[Opening Provided data section]

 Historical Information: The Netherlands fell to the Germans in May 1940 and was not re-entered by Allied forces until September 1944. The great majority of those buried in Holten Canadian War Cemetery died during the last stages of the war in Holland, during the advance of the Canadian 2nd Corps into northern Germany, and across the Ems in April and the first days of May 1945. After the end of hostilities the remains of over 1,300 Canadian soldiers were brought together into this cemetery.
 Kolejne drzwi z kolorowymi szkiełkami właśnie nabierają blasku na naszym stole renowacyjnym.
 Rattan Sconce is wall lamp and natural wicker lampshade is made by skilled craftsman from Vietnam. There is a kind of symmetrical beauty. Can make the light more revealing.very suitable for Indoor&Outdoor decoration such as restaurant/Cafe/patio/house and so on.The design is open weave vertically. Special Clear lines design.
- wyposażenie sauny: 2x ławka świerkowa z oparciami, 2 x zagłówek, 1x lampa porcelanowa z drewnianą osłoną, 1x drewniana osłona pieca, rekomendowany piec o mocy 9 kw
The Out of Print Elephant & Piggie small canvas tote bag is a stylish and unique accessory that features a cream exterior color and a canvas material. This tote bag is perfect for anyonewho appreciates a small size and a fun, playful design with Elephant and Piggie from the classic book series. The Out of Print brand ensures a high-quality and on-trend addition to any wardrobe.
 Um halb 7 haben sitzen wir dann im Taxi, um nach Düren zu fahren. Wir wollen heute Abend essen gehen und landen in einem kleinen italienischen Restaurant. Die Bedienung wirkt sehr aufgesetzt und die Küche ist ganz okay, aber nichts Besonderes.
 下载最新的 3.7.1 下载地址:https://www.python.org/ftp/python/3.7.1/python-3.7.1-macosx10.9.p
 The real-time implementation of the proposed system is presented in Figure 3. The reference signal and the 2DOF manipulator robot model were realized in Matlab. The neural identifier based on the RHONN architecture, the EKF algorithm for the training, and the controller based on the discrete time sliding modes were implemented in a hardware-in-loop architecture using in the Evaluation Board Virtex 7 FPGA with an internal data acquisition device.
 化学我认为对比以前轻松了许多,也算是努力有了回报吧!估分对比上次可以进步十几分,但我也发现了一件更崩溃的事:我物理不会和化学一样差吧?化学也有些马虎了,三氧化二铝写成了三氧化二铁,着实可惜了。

[Closing Provided data section]
[Opening Provided data section]

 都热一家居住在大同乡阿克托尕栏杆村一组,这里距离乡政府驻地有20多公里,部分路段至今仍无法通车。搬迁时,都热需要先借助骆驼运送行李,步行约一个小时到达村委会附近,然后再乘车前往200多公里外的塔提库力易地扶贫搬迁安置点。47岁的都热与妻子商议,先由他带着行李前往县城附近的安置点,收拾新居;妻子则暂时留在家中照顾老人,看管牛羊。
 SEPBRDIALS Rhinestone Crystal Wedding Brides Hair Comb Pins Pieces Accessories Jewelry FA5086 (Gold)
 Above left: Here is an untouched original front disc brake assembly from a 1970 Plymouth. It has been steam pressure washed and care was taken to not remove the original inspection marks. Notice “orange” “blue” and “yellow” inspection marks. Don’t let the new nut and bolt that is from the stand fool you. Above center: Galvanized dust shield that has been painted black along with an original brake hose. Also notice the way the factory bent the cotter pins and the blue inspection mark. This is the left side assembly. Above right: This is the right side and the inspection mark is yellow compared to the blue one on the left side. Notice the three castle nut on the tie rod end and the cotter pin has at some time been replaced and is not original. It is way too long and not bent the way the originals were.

[Closing Provided data section]

Only the lines that hold the word "design" are wanted; each should be pulled from the records.

 Rattan Sconce is wall lamp and natural wicker lampshade is made by skilled craftsman from Vietnam. There is a kind of symmetrical beauty. Can make the light more revealing.very suitable for Indoor&Outdoor decoration such as restaurant/Cafe/patio/house and so on.The design is open weave vertically. Special Clear lines design.
The Out of Print Elephant & Piggie small canvas tote bag is a stylish and unique accessory that features a cream exterior color and a canvas material. This tote bag is perfect for anyonewho appreciates a small size and a fun, playful design with Elephant and Piggie from the classic book series. The Out of Print brand ensures a high-quality and on-trend addition to any wardrobe.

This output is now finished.